Jackson joined the Jackson 5 when he was only five, and spent his entire childhood in rehearsals and performances: first in talent shows, and then with his own concerts. He recalled being alone backstage as a child “watching all the headliners to learn as much as possible from them. I looked at their feet, at what they were doing with their hands, how they were holding the microphone, trying to understand why. I did not miss a single step, not a single movement, turn, turn, twist, emotion, half-movement. That was my education and my recreation."

Having already become a star, Jackson in many ways remained a child, full of unique androgynous innocence. In particular, he retained this awe of great artists, as if refusing to see that he himself became one of them: “I grew up on real showmen: James Brown, Sammy Davis, Fred Astaire, Gene Kelly. A great artist does not leave anyone indifferent - this is an indicator of greatness. It's like Michelangelo - whoever you are, it can't help but touch."

At the same time, the professional drive and ambitions of Jackson himself have always been very powerful. The song Dancing Machine came out at 1974, when 17-year-old Michael had already grown to the role of the frontman of the Jackson 5, and he was "determined to find a dance element that would enhance the song and make the performance more interesting for both the band and the audience." Thus, by a conscious effort of the creative will of a teenager, nothing less than a robot dance was born. The movement, seen on the street, catapulted the Dancing Machine to the top of the charts, and showed Jackson the power of television. “In just a few days, it seemed like every American kid was dancing the robot. I have never seen anything like it,” he recalled at 1988th. 30 years later, the world has survived macarena, gangnam and (sort of) floss, and the robot is still the highlight of school discos, street sessions and Sex and the City.

***

Four years after the robot, Jackson played the Scarecrow in Visa, Sidney Lumet's fantasy based on The Wonderful Wizard of Oz. Jackson, who always dreamed of cinema, worked on the film with its most complex choreography:

“Since childhood, it was enough for me to see a dance movement once - and I immediately knew how to perform it. Someone had to explain step by step, beat the rhythm, show where to put your foot and move your hip, and where - with your neck. But if I saw it, then I could repeat it.

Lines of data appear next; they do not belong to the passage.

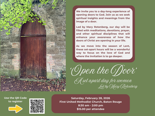 You are invited to a daylong retreat, “Open the Door,” to seek spiritual disciplines that enhance your awareness of how the doors of Christ are opening in your life. As we approach the season of Lent, this day will focus your faith journey. Registration is $15. Led by Mary Rotenberg.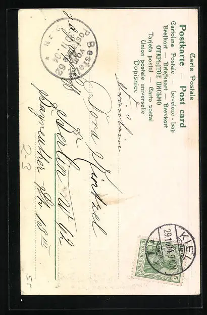 alte Ansichtskarte, gelaufen 1904, Eckknick re. oben, minimaler Einriss re. oben, guter Zustand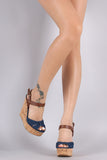 Bamboo Denim Gathered Peep Toe Cork Wedge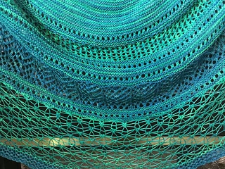 Note: The final lace is less dense than the rest of the shawl. I like it that way but if that’s likely to bother you, just start using your yarn double when you change needles. You will either need more yarn or do fewer repeats (I did the maximum to show how far the yarn will go used single but 1/2 is plenty).

But, as it should be in the film industry, this became a problem. One day during filming, Diana Ross, who played Dorothy, took Jackson (with whom she had a great relationship) aside and explained that he puts her in a bad light because he learns dance chords too quickly. Until the end of filming, 20-year-old Jackson generously pretended to be a worse dancer than he was, and the film eventually received four Oscar nominations:

***

-star" and became at first just a star, and then the main star of the planet: for the first time, four tracks from one disc hit the Billboard top 10 at once, more than 20 million copies of the album were sold worldwide, Jackson won his first (out of 13) Grammy and received the highest percentage of sales in the industry from its label Epic - 37 (almost $ 2 from each record sold in the US).

He himself, however, felt that Off The Wall deserved more, so he began recording the next album with a thirst for revenge. Thus was born Thriller (1982), the most successful release of all time, making Michael Jackson a legend. Of the nine songs on the album, seven were released as singles, all of them in the national top 10, and a year after the release, Thriller was still selling over a million copies a week.

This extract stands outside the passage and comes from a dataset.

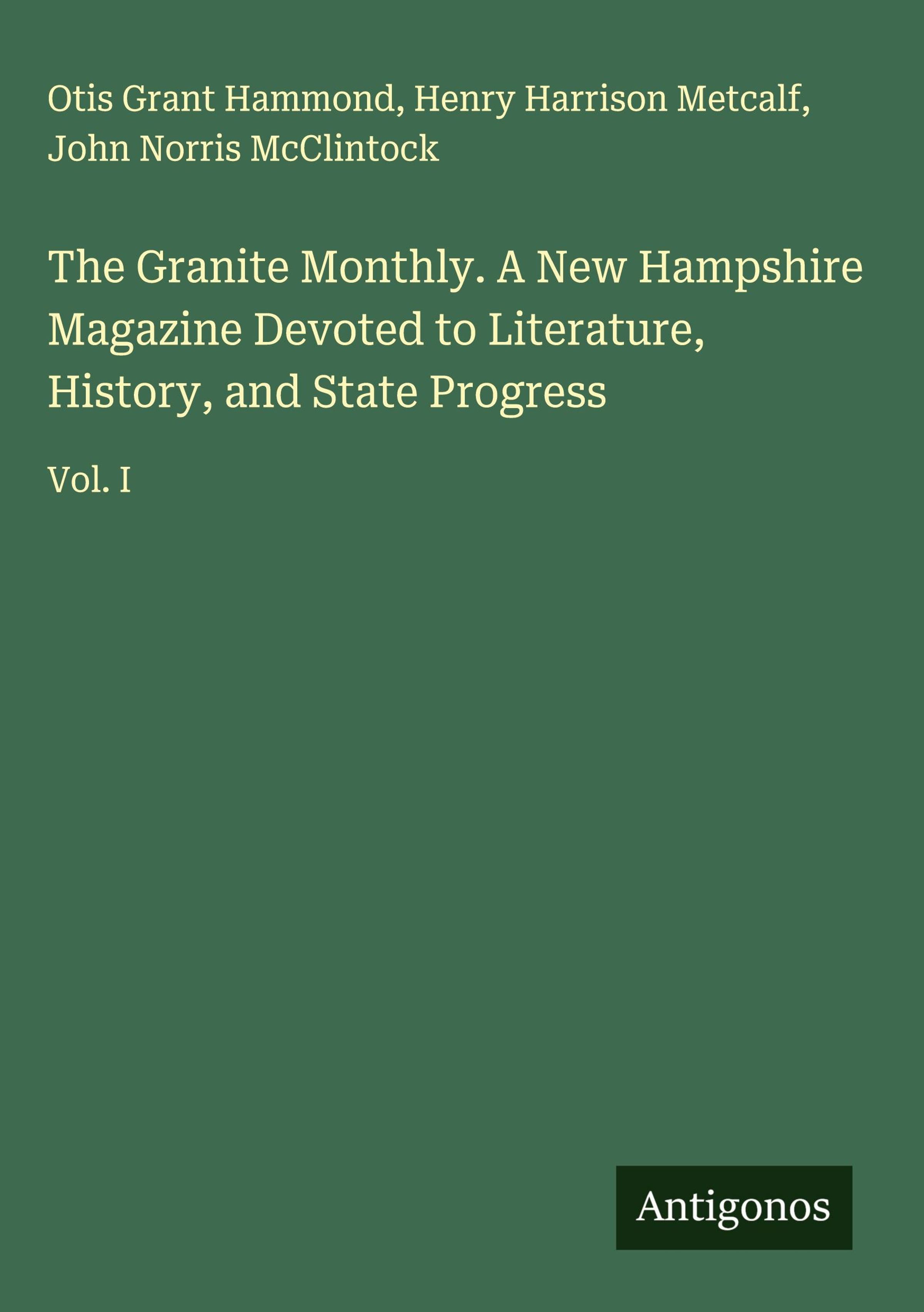 Otis Grant Hammond: The Granite Monthly. A New Hampshire Magazine Devoted to Literature, History, and State..., Gebunden

In 1984, Time declared the 25-year-old Jackson "the sole savior of the music industry: a decade-defining songwriter, a dancer with the craziest legs, and a singer who transcends tastes, styles, and colors. "

By then, Jackson had already performed at the 25th anniversary of his former label Motown with the "thriller" track Billie Jean (which was almost named Not My Lover to avoid being associated with tennis player Billie Jean King). And if the Thriller album turned from a hit into a blockbuster thanks to the Beat It single, then it was Billie Jean and the performance at Motown 25 that turned Michael Jackson from a classy dancer into a visionary. scene. Back at 1972, while touring with the Jackson 5, he wanted to run backstage to get the hat he wore for the cover of the album before performing the hit Got to Be There. “They didn’t let me do it then, because I was small, and the adults thought the idea was stupid. But soon Donny Osmond was performing all over the country wearing a very similar hat, and people were ecstatic. Even then I trusted my instincts. I believed that I knew how to do it."

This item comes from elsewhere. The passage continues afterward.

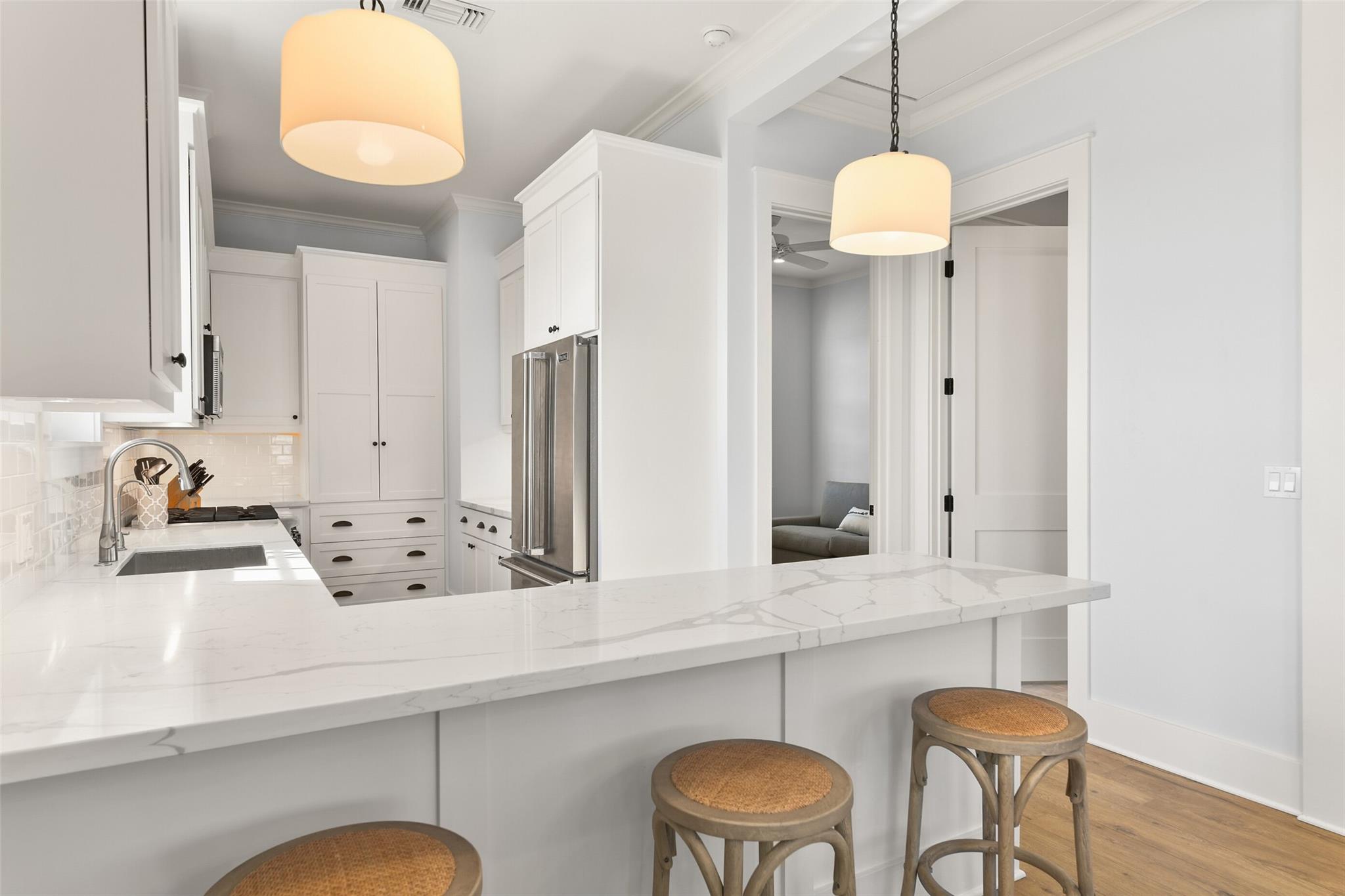 InteriorPets:W/ RestrictionsFloors:TileBathroom Description:Primary Bath: Double Sinks,Primary Bath: Jetted Tub,Primary Bath: Separate ShowerBedroom Desc:2 Bedrooms Down,Walk-In ClosetKitchen Desc:Kitchen open to Family Room,Pots/Pans Drawers,Soft Closing Cabinets,Soft Closing Drawers,Under Cabinet LightingRoom Description:Family Room,Living Area - 2nd Floor,Living/Dining ComboHeating:Heat PumpCooling:Heat PumpDishwasher:YesDisposal:YesCompactor:NoMicrowave:YesRange:Gas RangeOven:Gas OvenIce Maker:NoAppliances:Dryer Included,Full Size,Refrigerator,Washer IncludedInterior:Alarm System - Owned,Balcony,Central Laundry,Crown Molding,Elevator,Refrigerator Included,Window Coverings

More than a decade later, preparing for Motown 25, the first thing Jackson ordered was a hat: "a cool spy-type fedora, like a secret agent. " Until the last evening before the performance, however, a hat and a black jacket he accidentally found were his only plan.

“Then I went down to the kitchen and turned on Billie Jean. Loudly. I was there alone, the night before the show, just standing there and waiting for the song to tell me what to do. I let the dance create itself, let it talk to me. When I heard the first bar, I put on that spy hat, struck a pose, and followed Billie Jean's rhythm, letting him dictate the moves. And this moment, when I faded into the background, skipping ahead of the dance, was amazing, ”said Jackson at the end of the decade.

On that day in Pasadena, Michael Jackson's moonwalk saw the light of day for the first time - perhaps the single artist's signature move in the history of popular culture. “I didn’t invent the moonwalk,” Jackson never hid, “but I perfected it. It was a dance piece from the ghetto and was taught to me by three black guys. They showed me the basics, and then I practiced alone for a long time and combined it with other steps. All I knew for sure was that in losing to Billie Jean, I would go forward and backward at the same time, as if I were on the moon.

There is another version of the origin of the moonwalk. Choreographer Jeffrey Daniel, who worked with Jackson on later videos for Bad and Smooth Criminal, said that she appeared after Jackson and "little Janet" saw him dancing at Disneyland in the early 80s.

“They watched me dance from backstage. And then he called me and said he wanted to meet and work on the movements.” According to Daniel, Jackson didn't even manage to do the moonwalk right away ("It's like the Matrix - everyone fails the first attempt"), but "then seeing him do it on stage and launch it into the stratosphere was something."

***

It is important to understand that in the early 80s Jackson's creative authority was already so high that he invited choreographers to cooperate so that they would broadcast his ideas, and not supply them with their own. “MJ gave them instructions on what type of movement they would like, so the choreographer would already put it into concrete form. Then he came in, looked at the material and adapted it for himself, ”says Steve Knopper, editor of Rolling Stone and author of The Genius of Michael Jackson.

The cult videos Thriller (the world's premier music video: a 14-minute, half-million-dollar horror movie that hit theaters and inspired the annual pre-Halloween dance festival) and Beat It (a gangland story that references West Side Story compositionally) were directed by Michael Jackson Peters. He said that the secret of Jackson's bombastic choreography is his brilliant knowledge of both the history of dance and its present. This allowed Michael to combine elements of break dancing with borrowings from Fred Astaire and Gene Kelly.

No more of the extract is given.